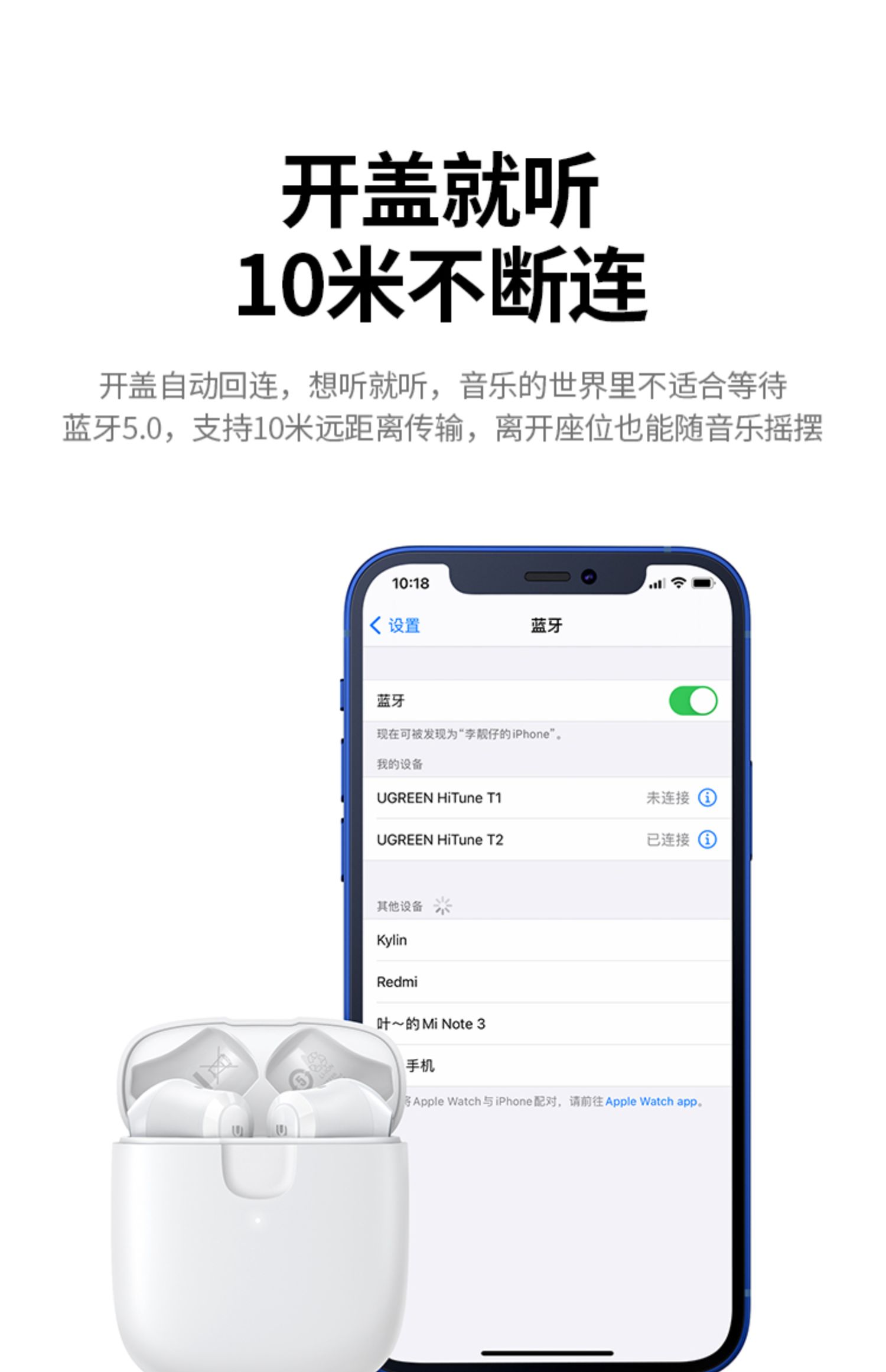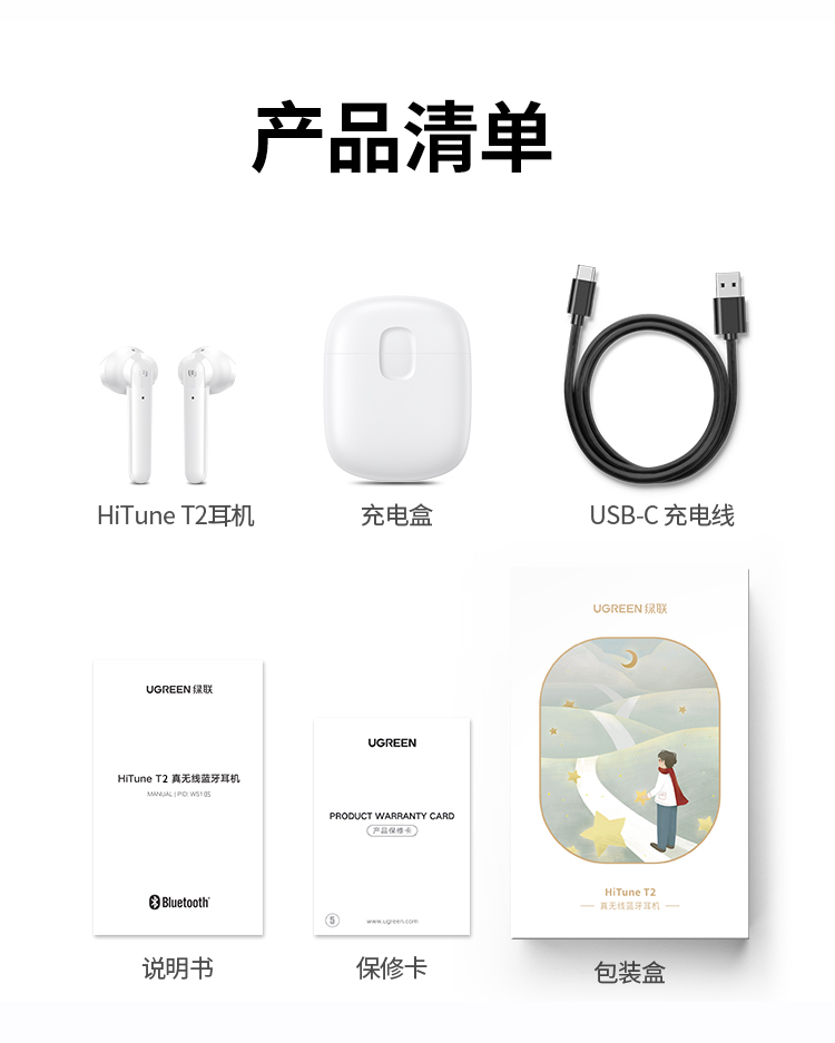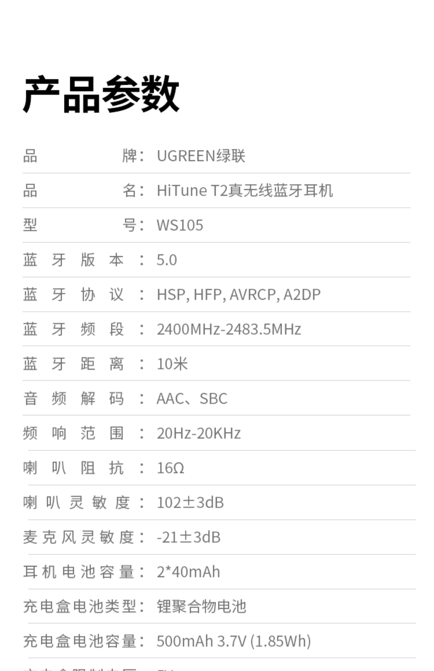 • 商品名称:绿联HiTune T2真无线蓝牙耳机tws半入耳式2021年新款男女吃鸡游戏降噪高音质运动适用于华为苹果小米vivo手机
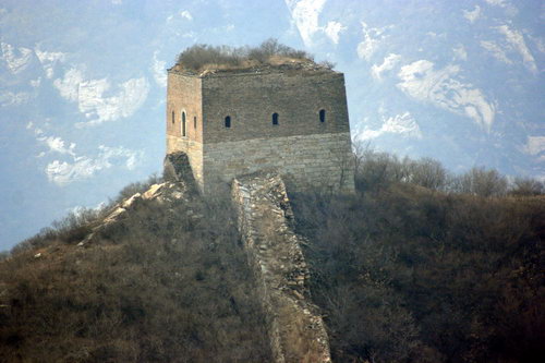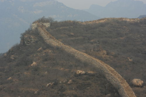 我见烽火台脱落的长城砖散落无数,有些完好,很有收藏价值,想拿两块回家镇宅用,太重,不便,行不远,放下,行十几步,还回头望望,现在相起,总感遗憾。
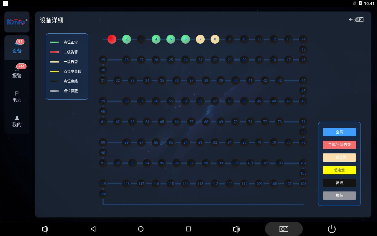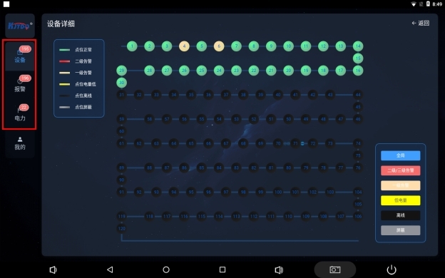 設(shè)備詳情頁實時顯示皮帶上保護裝置當前狀態(tài)鏈路圖,分為6種樣色顯示,分別代表保護裝置正常,保護裝置保護裝置二級告警,保護裝置一級告警,保護裝置電量低,保護裝置離線,保護裝置屏蔽六種狀態(tài)。
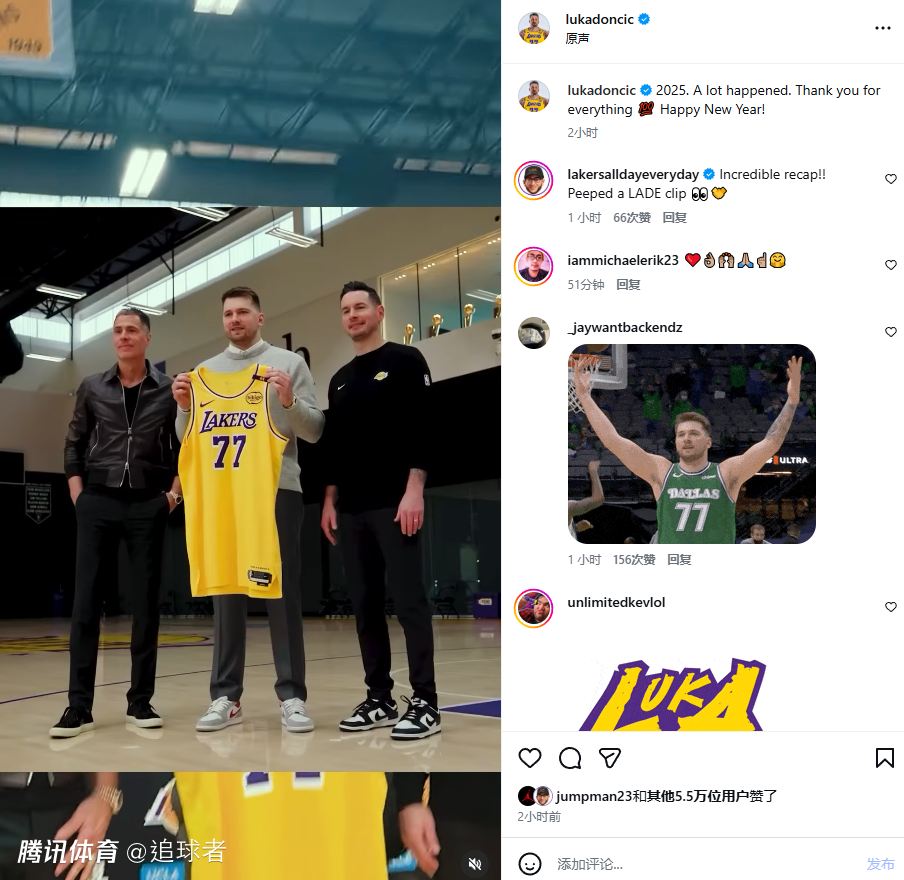 湖人另一球星东契奇则是深情告别2025年,他在社媒上晒出一条长达10分钟的视频,配文写道:2025年发生了很多事,感恩所有经历,新年快乐!
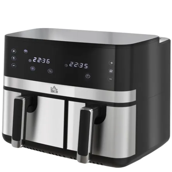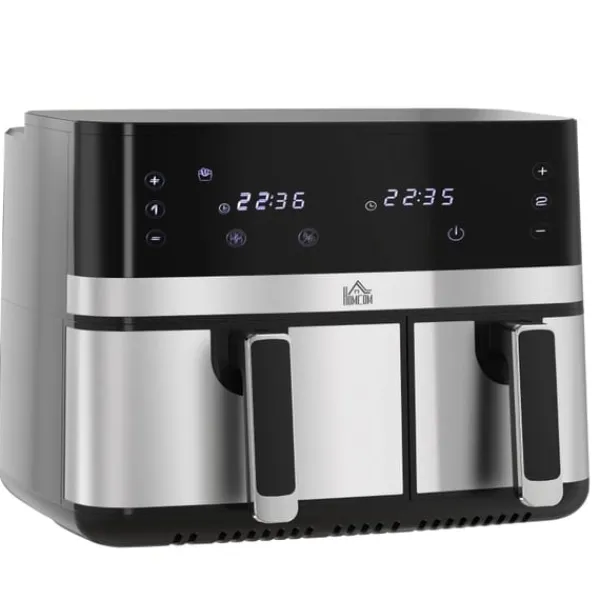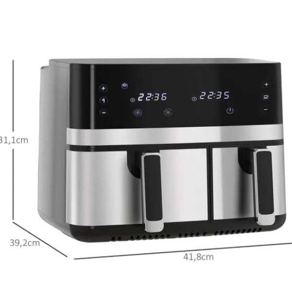 Dubbla njutningen med denna Rootz airfryer. Med två separata, individuellt styrbara, kan du tillaga två olika rätter samtidigt – perfekt för tidsbesparande förberedelse av en komplett måltid. Fritösens justerbara temperatur på 80-200°C gör att du kan laga mat på rätt värme, och 60-minuterstimern låter dig ställa in önskad tillagningstid utan att hela tiden behöva hålla ett öga på den.
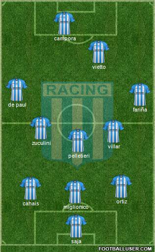 Vietto · Fariña · Centurión · Zuculini · De Paul · Pelletieri · Corvalán · Pillud · Ortiz · Cahais · Chino Saja (C)
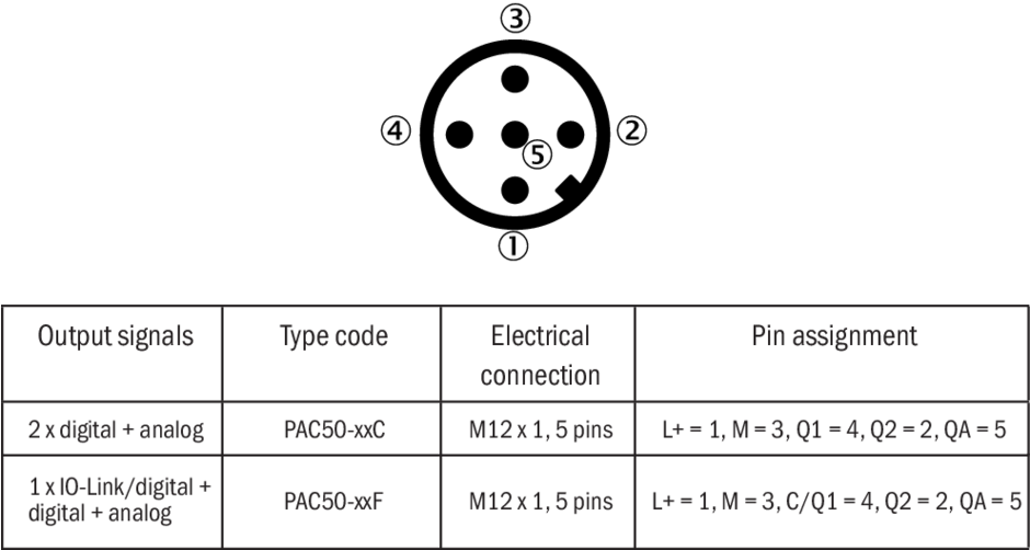 | Тип подключения | Круглый штекерный соединитель M12 x 1, 5-контактный |
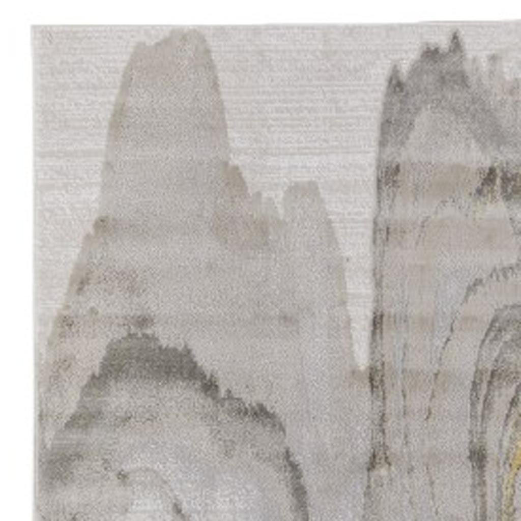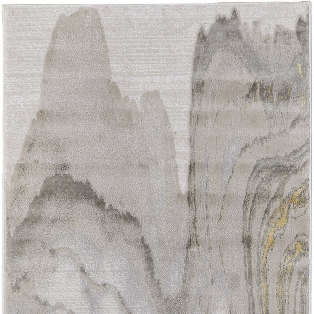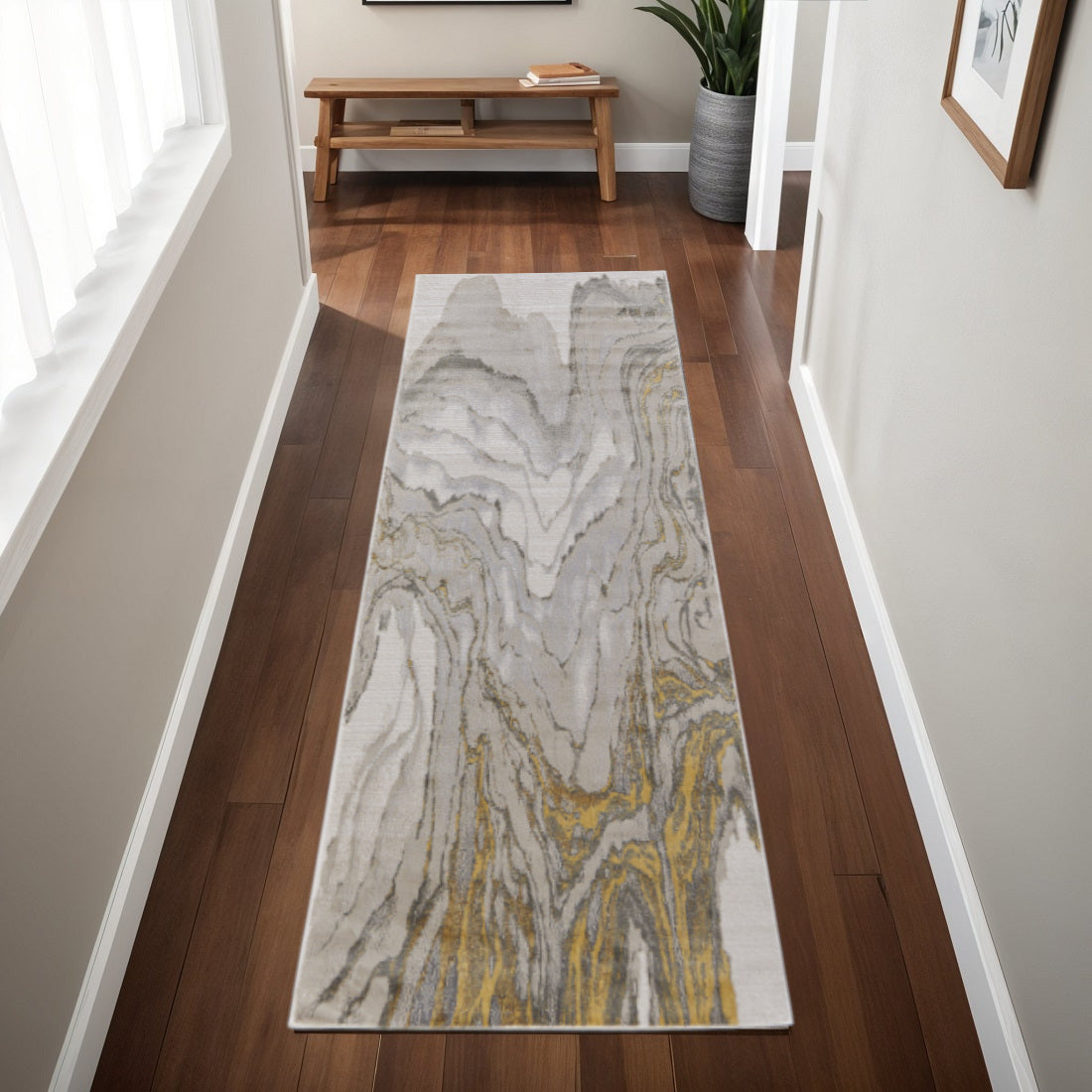 Set an inviting tone in your space with this 8-foot gold and ivory abstract runner rug. This runner shaped rug features a abstract design that will add a functional and decorative accent to your space. Ideal for spaces with kids and pets, this rug is stain resistant to help repel dirt and spilled liquids. This smaller sized rug is just what you need for your walkway, or in front of door, cabinet, refrigerator, or chair. 34-inch h x 94-inch w x 0.39-inch d

_WORK INSTRUCTION_
Once the line containing "1, 5-контактный |" is found, copy it and each line after it through the end of the entries above exactly; nothing else, and no pictures.

_REPLY_
 | Тип подключения | Круглый штекерный соединитель M12 x 1, 5-контактный |
 Set an inviting tone in your space with this 8-foot gold and ivory abstract runner rug. This runner shaped rug features a abstract design that will add a functional and decorative accent to your space. Ideal for spaces with kids and pets, this rug is stain resistant to help repel dirt and spilled liquids. This smaller sized rug is just what you need for your walkway, or in front of door, cabinet, refrigerator, or chair. 34-inch h x 94-inch w x 0.39-inch d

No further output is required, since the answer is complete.